TRY IT:
Leave the pictures out and write out the rest of the listing word for word.

DATASET EXTRACT Block Start

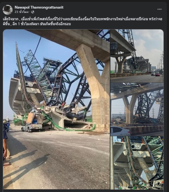แต่แล้วหลังจากลงโพสต์ดังกล่าวได้ไม่นาน ล่าสุดเมื่อช่วงสายของวันที่ 15 ม.ค.2569 ที่ผ่านมา ได้เกิดอุบัติเหตุคล้ายกันอีกครั้ง เมื่อเครนก่อสร้างทางยกระดับถนนพระราม 2 ถล่มลงมาบริเวณเกาะกลางถนน ทำให้มีผู้เสียชีวิตและได้รับบาดเจ็บ
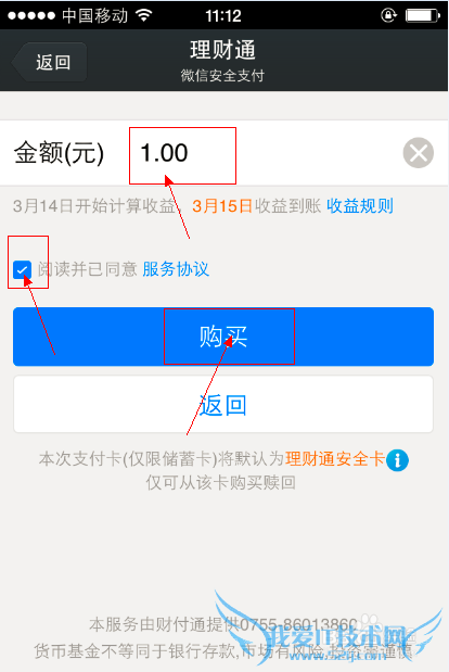 输入你要购买的金额。如图所示。完成后,点击“购买”。
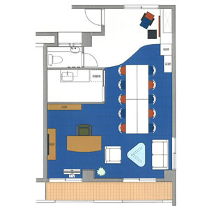 会議室と社長室を眺めの良いフロアーに新設。 社長さま所有び2枚の絵画をもとに赤と青と白の爽やかな空間をデザインしました。
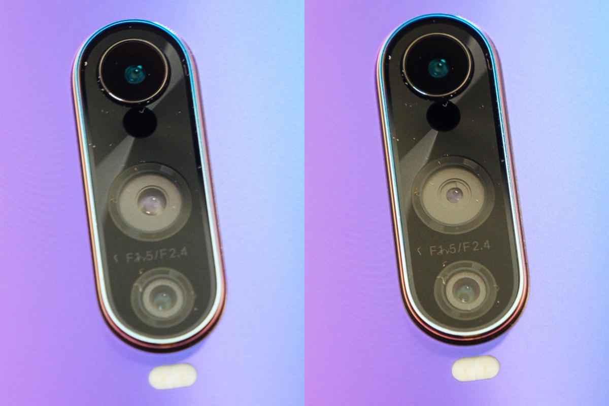 主相機這次搭載了三顆鏡頭,最上方為 TOF 3D 鏡頭,目前尚未有功用,之後會透過韌體更新開放拍攝 3D 照片的功能,第二顆鏡頭是具有具有 F1.5/F2.4 靈動光圈的雙光圈鏡頭,會依據環境光源自動切換 F1.5/F2.4 的光圈來使用,原則上光源只要偏較暗的狀況就會切換為最大光圈 F1.5 的模式,而第三顆輔助鏡頭為 2000 萬像素 F2.6。

DATASET EXTRACT Block End

TASK RESPONSE:
แต่แล้วหลังจากลงโพสต์ดังกล่าวได้ไม่นาน ล่าสุดเมื่อช่วงสายของวันที่ 15 ม.ค.2569 ที่ผ่านมา ได้เกิดอุบัติเหตุคล้ายกันอีกครั้ง เมื่อเครนก่อสร้างทางยกระดับถนนพระราม 2 ถล่มลงมาบริเวณเกาะกลางถนน ทำให้มีผู้เสียชีวิตและได้รับบาดเจ็บ
 输入你要购买的金额。如图所示。完成后,点击“购买”。
 会議室と社長室を眺めの良いフロアーに新設。 社長さま所有び2枚の絵画をもとに赤と青と白の爽やかな空間をデザインしました。
 主相機這次搭載了三顆鏡頭,最上方為 TOF 3D 鏡頭,目前尚未有功用,之後會透過韌體更新開放拍攝 3D 照片的功能,第二顆鏡頭是具有具有 F1.5/F2.4 靈動光圈的雙光圈鏡頭,會依據環境光源自動切換 F1.5/F2.4 的光圈來使用,原則上光源只要偏較暗的狀況就會切換為最大光圈 F1.5 的模式,而第三顆輔助鏡頭為 2000 萬像素 F2.6。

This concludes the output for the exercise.